Section 105(c)(1) of the Federal Mine Safety and Health Act (“Mine Act”) provides “No person shall discharge or in any manner discriminate against . . . or otherwise interfere with the exercise of the statutory rights of any miner.” 30 U.S.C. § 815(c)(1). In Secretary on behalf of McGary et al. v. Marshall County Coal Co. et al., 38 FMSHRC 2006(Rev. Comm. Aug. 2016) & 40 FMSHRC 261 (Rev. Comm. March 2018), the CEO held a series of “Awareness Meetings” with the work force, specifically requesting that when employees filed anonymous hazard complaints to the Mine Safety and Health Administration (“MSHA”), they report those same conditions to the operator. Complaints were filed with MSHA after these meetings and a hearing was held in front of an Administrative Law Judge (“ALJ”) to determine whether these meetings interfered with miners’ rights.

The ALJ hearing these complaints applied a two-part “interference test” and found the operator had interfered with the miners’ rights to make anonymous complaints. On appeal, the Federal Mine Safety and Health Review Commission (“Review Commission”) affirmed the ALJ’s finding but did not adopt a specific test for interference. The case was appealed to the D.C. Circuit Court of Appeals, and one of the issues before the D.C. Circuit was which interference test should be applied in a case where interference is alleged – should an interference test consider an operator’s actions, whether they were motivated by protected activity or were intended to interfere with miners’ rights.

On May 7, 2019, the D.C. Circuit Court of Appeals affirmed the ALJ’s and Review Commission’s holdings that the operator’s “Awareness Meetings” interfered with miners’ rights to file anonymous complaints with MSHA pursuant to § 103(g) of the Mine Act. Marshall County Coal Co., et al., v. Federal Mine Safety and Health Review Commission and Secretary of Labor, Mine Safety and Health Administration, No. 18-1098, slip op. (D.C. Cir.

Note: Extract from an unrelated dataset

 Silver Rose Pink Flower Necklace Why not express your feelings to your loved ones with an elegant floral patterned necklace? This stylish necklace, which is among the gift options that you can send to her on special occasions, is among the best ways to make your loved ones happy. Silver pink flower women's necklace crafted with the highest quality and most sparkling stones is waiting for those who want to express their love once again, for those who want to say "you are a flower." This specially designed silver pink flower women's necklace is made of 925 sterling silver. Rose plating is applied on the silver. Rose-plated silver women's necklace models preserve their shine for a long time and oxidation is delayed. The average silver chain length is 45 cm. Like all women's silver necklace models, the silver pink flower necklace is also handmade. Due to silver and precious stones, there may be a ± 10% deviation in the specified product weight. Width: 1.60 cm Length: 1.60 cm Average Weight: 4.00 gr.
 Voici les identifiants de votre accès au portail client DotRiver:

May 7, 2019). However, the D.C. Circuit declined to establish an interference test because it found regardless of the interference test used, the operator’s “Awareness Meetings” interfered with miners’ rights and were motivated by the filing of Section 103(g) complaints, finding that the effect of these meetings was to discourage miners from filing complaints with MSHA.

The two proposed interference tests are the Franks test and the Pepin test. The Franks interference test, used by the ALJ and Review Commission in this case, is a two-part analysis that does not consider an operator’s motivations or intent:

  • A person’s action can be reasonably viewed, from the perspective of members of the protected class and under the totality of the circumstances, as tending to interfere with the exercise of protected rights, and
  • The person fails to justify the action with a legitimate and substantial reason whose importance outweighs the harm caused to the exercise of protected rights.

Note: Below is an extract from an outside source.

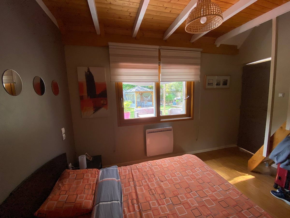 Független stúdió csendes, zöld környezetben, Nantes kapujában. Ideális egy vagy két főnek, de akár 4 ágy is elfér benne rövid távú foglaláshoz vagy gyermekeknek. A bioalapú anyagokból épült szálláshelyen dolgozhatsz, vagy feltöltheted az akkumulátorodat egy WE vagy nyaralás során egy új otthon szívében, ahol minden kényelem és gondolat megvan, hogy otthon érezd magad. A kertünk hátsó részén található, a hozzáférés önálló és független, a parkolás a helyszínen lehetséges.

See Franks v. Emerald Coal Resources, LP, 36 FMSHRC 2088 (2014) vacated and remanded sub nom. Emerald Coal Resources, LP v. Hoy, 620 F.App’x 127 (3d Cir. 2015).

Alternatively, the Pepin test requires a finding that interference was motivated by the exercise of protected activity:

  • The operator’s actions can be reasonably viewed, from the perspective of members of the protected class, as tending to interfere with the exercise of protected rights, and that
  • Such actions were motivated by the exercise of protected rights.
  • If the foregoing is established, the operator may defend by showing a business justification that outweighs the harms caused.

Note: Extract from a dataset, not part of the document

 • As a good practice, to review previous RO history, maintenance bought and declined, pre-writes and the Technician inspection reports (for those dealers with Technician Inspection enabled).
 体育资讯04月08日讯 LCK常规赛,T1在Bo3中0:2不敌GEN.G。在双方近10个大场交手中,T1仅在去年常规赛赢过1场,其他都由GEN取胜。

Pepin v. Empire Iron Range Mining Partnership, 38 FMSHRC 1435, 1453-54 (2016)

In declining to establish an interference test, the D.C. Circuit found that the mine operator in this case did not ask the ALJ to apply an alternative to the Franks test for interference, and that the operator accepted Review Commission precedent as standing for the proposition that “the motive of an operator in taking any action is not considered when undertaking analysis of an interference claim.” Furthermore, the D.C. Circuit found that in front of the Review Commission, there was no objection to the ALJ’s application of the Franks test, and no proposal of an alternative interference test. Because of this, the D.C. Circuit did not find it necessary to establish a specific interference test because, ultimately, the result would have been the same whether applying the Franks test or the alternative Pepin test.

The D.C. Circuit also upheld the proposed $100,000 in penalties and found the operator had forfeited any challenge to the personal reading requirement – that the CEO would have to read an “approved” statement regarding § 105(c) of the Mine Act to the miners attending the “Awareness Meetings.”